After setting off a lot of alarms, the gang ends up on the run in Harley’s head. Her internal defenses are definitely creepy. Out in the real world, Ivy’s landlord Sy tries to rent out the place and, on seeing the team all out cold, jumps to an interesting conclusion. As the team runs around and sees more of Harley’s memories (with a really amusing cameo), Harley comes to a comedic realization about her mother. As the team tries to find the way out of Harley’s head, they get a hint about what’s going on in the real world to add more drama, and a reference to the very surreal “Being John Malkovich.”


Deeper in Harley’s head, they see bits of her subconscious that leave Ivy questioning, very legitimately, if Harley is really over her ex. After the team gets backed into a dead end, they get an unexpected last minute rescue and an amusing debate about “dues ex machina.” In the real world, there are some weird developments with landlord Sy (one of Palmiotti and Conner’s more amusing additions to Harley’s canon in their run) and his girlfriend(?) Golda (voiced by Rhea Pearlman). Back in Harley-land, they find the way out, but Harley is determined to ignore Dr. Psycho’s advice (again) and visit the island of repressed memories. Harley stalks off and Ivy talks everyone else into coming along. Ron Funches gets another few good lines, and really seems to be enjoying his role as King Shark.

On the island, after a few amusing reveals, Harley is shaken by learning she’s been lying to herself about a key part of her origin all this time. After being stunned for a few minutes, Harley decides she won’t take reality for an answer, and rewrites her memories, prompting a crack about Eternal Sunshine of the Spotless Mind. Finally, the gang makes it back to the real world just in time to avoid a hideous fate. They end up circling around to what they were trying to find at the beginning, and get a new part time member of the gang.

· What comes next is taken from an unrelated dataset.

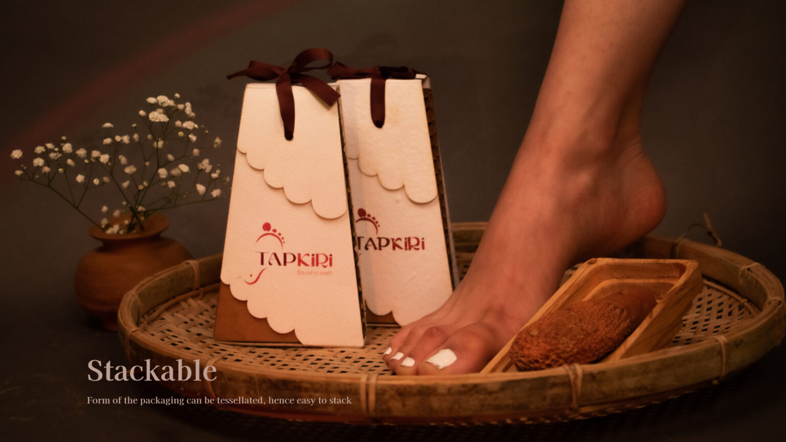 It is handmade with terracotta (burnt clay) and then a rough texture is achieved on the surface by putting it into a mould. This craft and product are poorly documented and there is a lack of optimal packaging for the terracotta foot scrubber. Currently, terracotta foot scrubbers are sold in the newspapers.

What I liked: There were some great lines in this one. I liked the references to various other “in someone’s head” movies. Harley’s memory museum was kind of cool. They still haven’t really told us WHY Ivy and Harley are such good friends, but that friendship is very clear here. I am impressed at the various guests they’re getting. Tony Hale’s Dr. Psycho is growing on me, and Alan Tudyk is always enjoyable.


What I didn’t: The realtor here seemed like a rehash of the Broker from Gotham City Sirens, so why not use that character? That’s the second show in a row they seem to be borrowing someone else’s ideas. While there were some good moments, the overall episode didn’t feel like one of their better ones.


It was a good, not great, episode. I’ll give it a 3 out of 5.